• [Directions]: Your task is to restate word for word the lines of the listing below that start at the one containing "It is a pair" and run to the end; please add nothing.

• [Records for processing]:
Segment Open
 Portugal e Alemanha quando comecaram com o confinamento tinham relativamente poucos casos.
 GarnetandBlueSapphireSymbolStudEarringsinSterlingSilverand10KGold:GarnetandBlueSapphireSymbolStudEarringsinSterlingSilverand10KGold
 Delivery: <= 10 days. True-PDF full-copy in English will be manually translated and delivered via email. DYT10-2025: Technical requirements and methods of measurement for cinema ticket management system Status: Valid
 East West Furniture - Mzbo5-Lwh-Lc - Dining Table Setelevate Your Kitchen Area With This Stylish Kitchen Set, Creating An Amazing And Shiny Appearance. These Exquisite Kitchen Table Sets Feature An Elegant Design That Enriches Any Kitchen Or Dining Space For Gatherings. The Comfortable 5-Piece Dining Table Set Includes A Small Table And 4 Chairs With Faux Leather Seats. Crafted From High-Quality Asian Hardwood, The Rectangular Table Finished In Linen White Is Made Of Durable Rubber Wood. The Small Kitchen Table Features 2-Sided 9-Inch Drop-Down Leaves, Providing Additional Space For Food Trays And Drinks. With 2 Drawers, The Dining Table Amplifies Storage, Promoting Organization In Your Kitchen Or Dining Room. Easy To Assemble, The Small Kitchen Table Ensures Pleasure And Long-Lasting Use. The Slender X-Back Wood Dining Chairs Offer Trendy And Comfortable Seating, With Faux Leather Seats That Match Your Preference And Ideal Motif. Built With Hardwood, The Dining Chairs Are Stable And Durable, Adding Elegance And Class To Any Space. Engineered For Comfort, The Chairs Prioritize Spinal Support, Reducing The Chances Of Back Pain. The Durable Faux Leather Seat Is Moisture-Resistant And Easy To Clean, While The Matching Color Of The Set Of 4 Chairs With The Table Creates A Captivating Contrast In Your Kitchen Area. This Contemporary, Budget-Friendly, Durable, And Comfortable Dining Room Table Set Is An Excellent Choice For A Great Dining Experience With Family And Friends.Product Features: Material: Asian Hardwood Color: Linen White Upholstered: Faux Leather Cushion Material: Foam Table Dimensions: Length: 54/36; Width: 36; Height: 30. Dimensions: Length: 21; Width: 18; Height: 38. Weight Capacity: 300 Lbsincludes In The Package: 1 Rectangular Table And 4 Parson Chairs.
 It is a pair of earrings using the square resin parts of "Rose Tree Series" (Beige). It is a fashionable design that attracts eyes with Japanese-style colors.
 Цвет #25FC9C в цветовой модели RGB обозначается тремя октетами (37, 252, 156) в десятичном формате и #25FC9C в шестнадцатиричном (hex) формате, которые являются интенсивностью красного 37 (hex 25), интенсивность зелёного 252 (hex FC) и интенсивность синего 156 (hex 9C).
Segment Closed
• [Answer area]:
 It is a pair of earrings using the square resin parts of "Rose Tree Series" (Beige). It is a fashionable design that attracts eyes with Japanese-style colors.
 Цвет #25FC9C в цветовой модели RGB обозначается тремя октетами (37, 252, 156) в десятичном формате и #25FC9C в шестнадцатиричном (hex) формате, которые являются интенсивностью красного 37 (hex 25), интенсивность зелёного 252 (hex FC) и интенсивность синего 156 (hex 9C).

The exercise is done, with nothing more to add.